И замер от ужаса: к кафедре подходил Алеференко.

«Обознался!.. Ой, дурак!..» Тараканиус невозмутимо обмакнул перо в чернила.

— Ну, собственно, я не тебя, а Алеференко вызывал. Но раз уж сам сознаешься, получай по заслугам.

И поставил единицу.

Историческая гвардия

Звонок. Кончилась перемена. Стихает шум в классе.

Идет!

Все за партами разом вскочили.

Приближается историк. Белокурые мягкие волосы на пробор. Худое, совсем молодое бледное лицо. Громадные голубые глаза. Голова чуть-чуть склонилась ласково набок. Воротничок ослепителен. Кирилл Михайлович Ухов вихрем влетает в класс, бросает на кафедру журнал. Класс на ногах.
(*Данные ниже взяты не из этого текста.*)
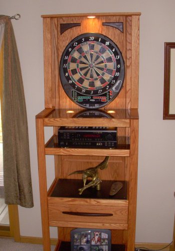 Product Description : Dartboard Cabinet with Ebony Finish Accents, Safety Glass Shelves, and Lighting Above and Below Dartboard
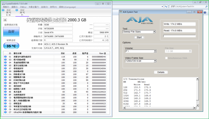 【▼】以AJA System Test進行Sweep File Sizes Test(Video Frame Size=1280x720@8-bit),並以CrystalDiskInfo觀察狀態,寫入為174.2MB/s,讀取為174.8MB/s。
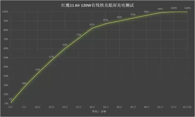 120W快充实测,15分钟可充电至47%,30分钟充到82%,而后充电速度开始放缓,57分钟充到100%,62分钟结束涓流完全充满。当然,充电分离功能依旧保留,因此长时间打游戏的话,是可以一直插电使用的。
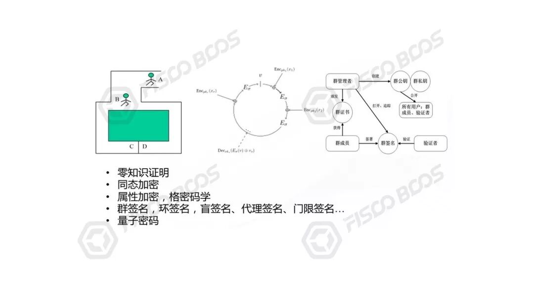 加密学领域里还有同态加密、零知识证明、环签名群签名、格密码等新的方向,目前都处于从理论发展到工程的阶段,都在功能、安全强度、效率方面快速优化中,已经可以看到落地使用的可能性了。同时我们也意识到,密码学通常需要经过长期的发展、验证,稳定后才能获得广泛认可,要么实践中经历了大量考验,要么经过权威机构的审核和认证,才能在生产领域大放异彩。密码学里的理论到工程,常常有很长的时间周期。
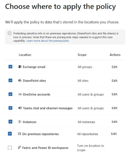 You are creating a DLP policy named Policy1 that will be applied to the locations as shown in the following exhibit.
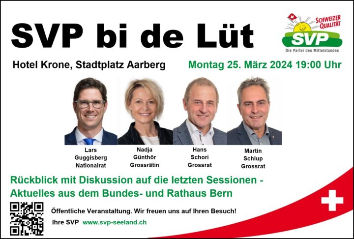 Veranstaltung mit Nationalrat Lars Guggisberg, Grossrätin Nadja Günthör, den Grossräten Martin Schlup und Hans Schori. Erhalten Sie aus erster Hand Informationen über die aktuellen politischen Geschehnisse auf nationaler und kantonaler Ebene. Nutzen Sie die Gelegenheit und stellen sie Ihre Fragen direkt an unsere Vertreterinnen und Vertreter. Wir freuen uns auf Sie!
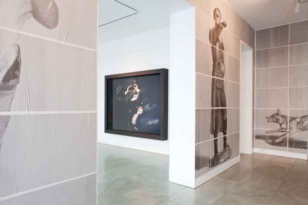 The six small-format photographs in the exhibition—the dimensions match the size of the original negatives produced by Mühe’s large-format camera—seem at first glance to present sublime Alpine panoramas and romantic forest scenes with captivating technical perfection. At a second glance, the composition and careful use of light guide the eye to men in uniform that are almost lost amid the nature. It takes even closer inspection to recognize that they are Nazis and, as their poses reveal, were emptying their bladders at the moment the pictures were taken. Mühe stages the ‘pissing Nazis’ as a nuisance in the idyllic landscape: they ignorantly pollute a pristine natural setting. Even now they refuse to enable a reinterpretation of the countryside near Berchtesgaden, symbolically holding on to it by brazenly marking it as their territory.
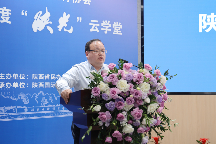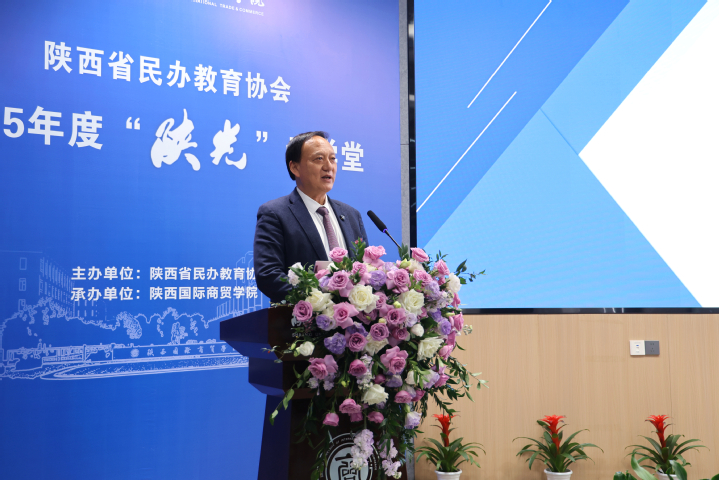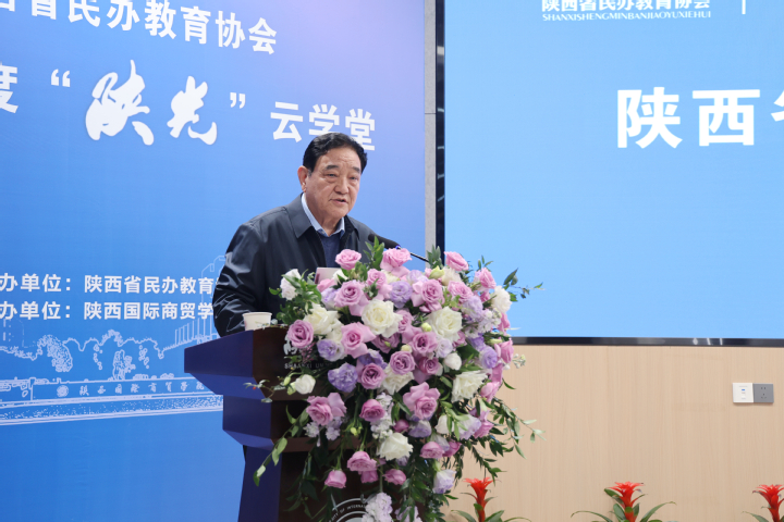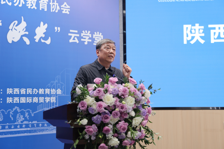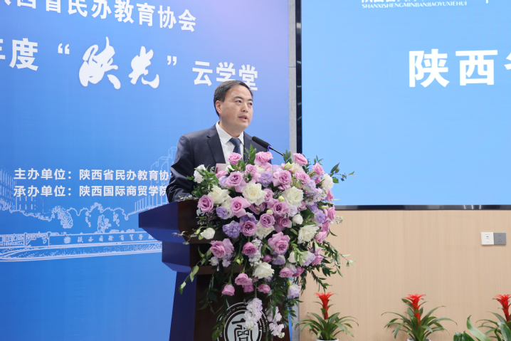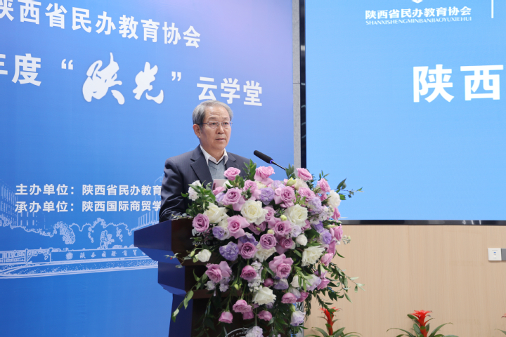 陕西国际商贸学院执行校长贾明远代表学校党政领导班子及全体师生员工,向出席活动的领导、来宾及同仁表示欢迎,向长期关心支持学校发展的各界朋友表示感谢,并简要介绍学校的发展历程、办学理念与教学成果。他表示,学校董事长、校长赵超兼具企业家精神与教育家情怀,在民办教育及产教融合领域积累了丰富经验,他提出的“三结合 五赋能”应用型人才培养理念为学校深化产教融合实践、提升人才培养质量指明了方向。此次承办第七期“陕光”云学堂,既是对学校过往办学成效的肯定,更是对推动学校迈向高质量发展的有力鞭策。期待与会专家学者能以本次活动为契机,加强互学互鉴、共商发展路径,为陕西民办教育高质量发展注入更强动力。

Кирилл Михайлович осматривает класс, взбегает на кафедру, забегает в проход сбоку, садится на корточки. Вдруг голубые глаза сверкнули. Высокий голос сорвался в крик:

— Кто!.. там!! смеет!!! садиться?!! Я еще не сказал… «садитесь»… Встаньте и стойте!!! И вы там!!! И вы!!! И вы! Негодяи! Остальные — сесть. Руки на парту. Обе. Где рука? Встаньте и стойте! А вы — к стенке!!! Прямо! Ну… Тишина! Кто это там скрипит? Шалферов? Встаньте и стойте! Молчать!
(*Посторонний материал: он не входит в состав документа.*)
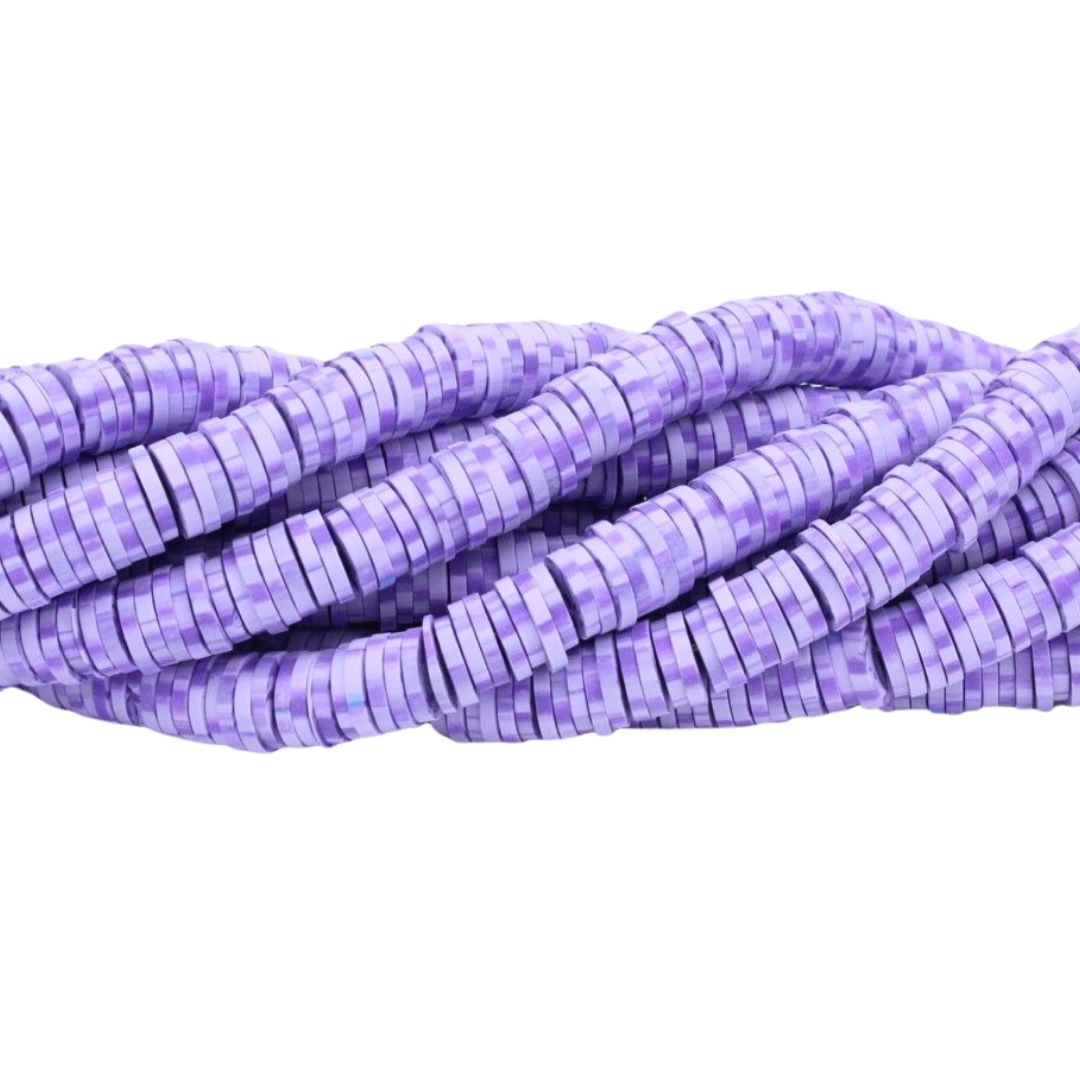 Polymer Clay Washer – 8mm – 39cm Strand – Purple. 8 x 2mm Bead size.

Четырнадцать человек стоят весь урок. Историк рассказывает о древних царях и знаменитых лошадях. Ежеминутно поправляет галстук, волосы, манжеты. Из-под манжеты левой руки блестит золотой браслет — подарок какой-то легендарной помещицы.

Четырнадцать человек стоят. Урок идет томительно долго. Ноги затекли. Наконец учитель смотрит на часы. Щелкает золотая крышка.

Стоящие нерешительно покашливают.

— Простудились? — спрашивает заботливо историк. — Дежурный, закройте все форточки: на них дует.

Дежурный закрывает форточки. Урок идет. Наказанные стоят, переминаясь с ноги на ногу. Взглянув еще раза два на часы, историк вдруг говорит:

— Ну, гвардия, садитесь…

Ровно через минуту всегда звонит звонок.

Среди блуждающих парт

Француженку нашу звали Матрена Мартыновна Бадейкина. Но она требовала, чтобы мы ее звали Матроной: Матрона Мартыновна. Мы не спорили.

До третьего класса она звала нас «малявками», от третьего до шестого — «голубчиками», дальше — «господами».

Малявок она определенно боялась. У некоторых малявок буйно, как бурьян на задворках, росли усы, а басок был столь лют, что его пугались на улице даже верблюды. Кроме того, от малявок, когда они отвечали урок у кафедры, так несло махоркой, что бедную Матрону едва не тошнило.

— Не подходите ближе! — вопила она. — От вас, пардон, несет.

— Пирог с пасленом ел, — учтиво объяснял малявка, — вот и несет от отрыжки.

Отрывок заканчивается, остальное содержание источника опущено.